Task statement:
Output each line of the listing exactly, though pictures are not to appear.
Raw data Start Marker
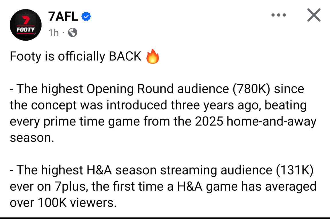 | 1 | SEVEN’S AFL: THURSDAY NIGHT FOOTBALL | Seven | 1,707,000 | 579,000 | 101,000 |
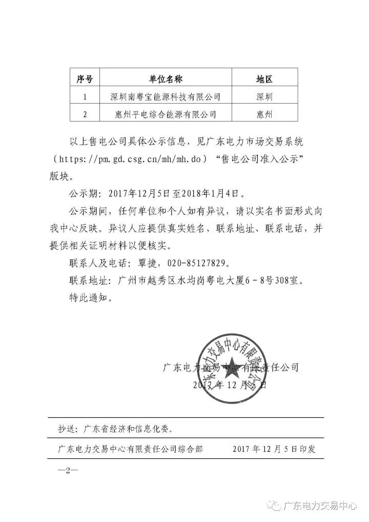 廣東新公示2家售電公司(11月)
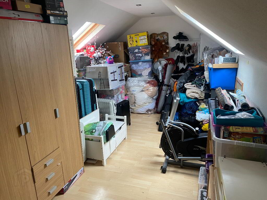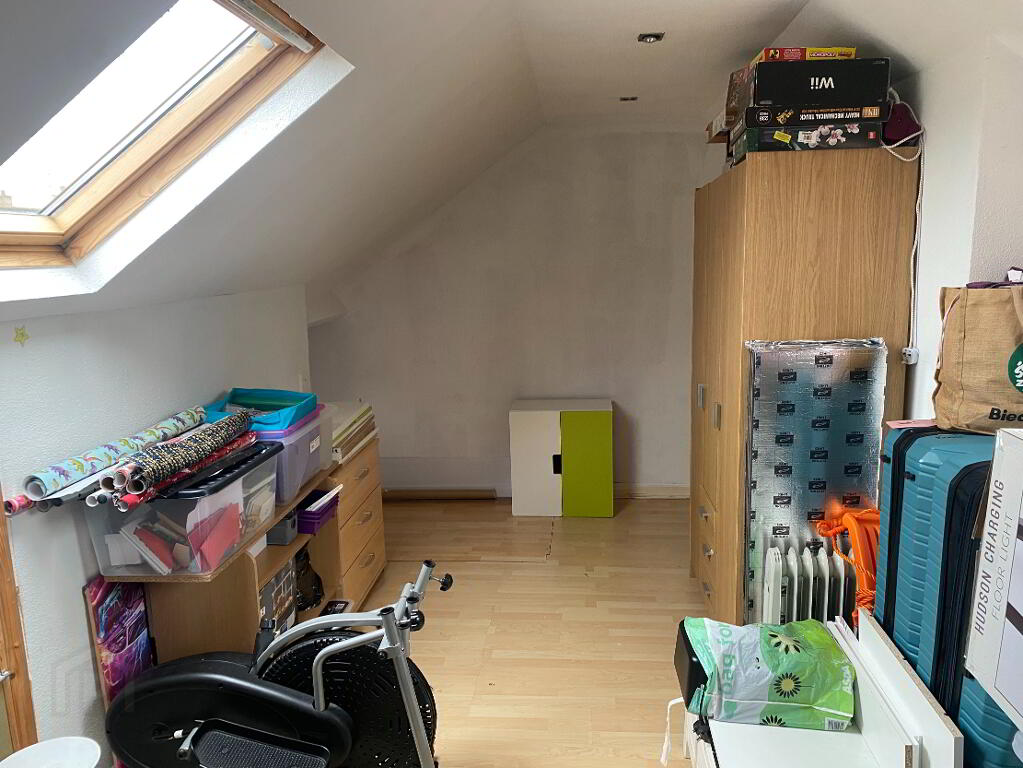 5.78m x 2.39m (19' 0" x 7' 10") Wood laminate flooring, 2 Velux windows, recessed lights, under eaves storage.
Raw data End Marker
Exercise solution:
 | 1 | SEVEN’S AFL: THURSDAY NIGHT FOOTBALL | Seven | 1,707,000 | 579,000 | 101,000 |
 廣東新公示2家售電公司(11月)
 5.78m x 2.39m (19' 0" x 7' 10") Wood laminate flooring, 2 Velux windows, recessed lights, under eaves storage.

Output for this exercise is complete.